Mills says he will not resign as House ethics probe grows
Cory Mills rejected calls to quit as House ethics scrutiny deepened, while Republican leaders and House colleagues held off action and waited for the panel’s findings.

Cory Mills said he will stay in Congress even as the House Ethics Committee investigates allegations of sexual misconduct and or dating violence, campaign finance violations and other reported misconduct. In an interview with CNN on Tuesday, April 21, 2026, the Florida Republican said there was "absolutely no reason to resign" and said House Speaker Mike Johnson had told him not to step down.
The refusal puts Mills in the center of a widening Capitol Hill accountability fight, one that now includes a formal push to remove him from the House. On April 20, Rep. Nancy Mace introduced a resolution to expel Mills, saying he was unfit to serve. Mace had already called on Mills, along with Reps. Sheila Cherfilus-McCormick, Tony Gonzales and Eric Swalwell, to resign or face expulsion in an April 13 press release.

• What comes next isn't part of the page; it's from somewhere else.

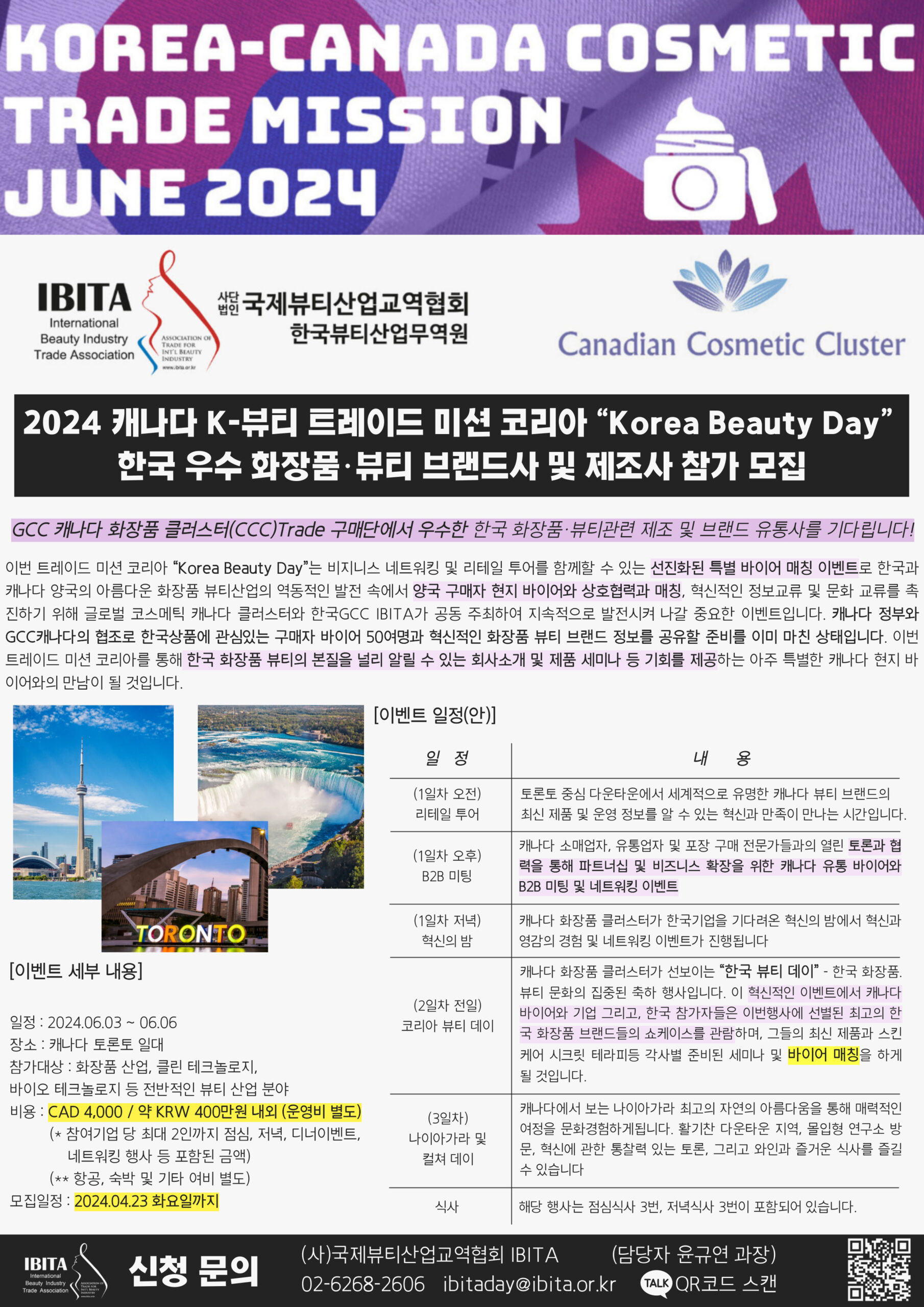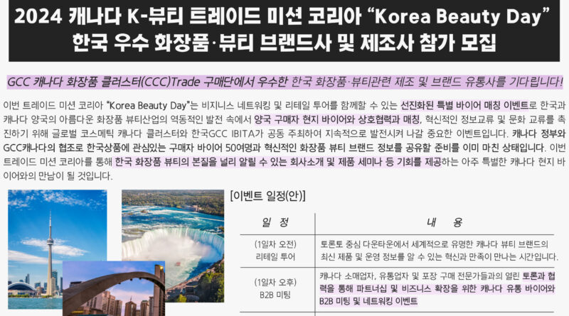 6월 3일~ 6일 캐나다 토론토에서 진행되는 “2024 캐나다 미션코리아”는 캐나다 클러스터와의 한국 대표부 협력 계약 후속 조치로 양국 간의 수출상담회, 컨퍼런스, 네트워킹을 위해 판매자와 구매자간 직접 매칭하고, 이에 캐나다 코스메틱 클러스터(CCC)는 우리 한국 사절단을 크게 환영할 준비를 마쳤다고 전했다.
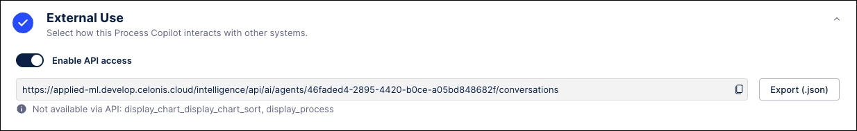 We've simplified Process Copilot creation by removing the internal/external asset distinction during setup. You can now toggle external API access directly in the configuration screen to bridge your process logic with outside tools. This update replaces the fragmented creation flow, allowing you to trigger both internal and external calls from a single chat interface.

Johnson has signaled that he does not want House Republicans policing one another through expulsions and prefers to let the Ethics Committee process run its course. Mills echoed that logic, saying Johnson told him not to resign and that "this is why we have this process." For now, that posture has given Mills breathing room even as the investigation advances.

Several lawmakers in both parties have said they want to wait for the committee’s findings before taking action against him. Politico reported April 15 that Mills appeared likely to be spared for now, in part because Republicans and Democrats were leaning on the pending ethics review and because he was not facing a federal indictment or sexual-misconduct charges. Mills has denied wrongdoing and argued that he is being unfairly grouped with other lawmakers under scrutiny.
The broader ethics upheaval has already forced movement elsewhere on the Hill. Gonzales and Swalwell resigned on April 13, and Cherfilus-McCormick remained under pressure after officials said a House Ethics Subcommittee found she violated ethics rules in connection with alleged misuse of $5 million in FEMA funds. Mills’ case now tests how far Congress is willing to go before its own procedures become a shield for members under fire.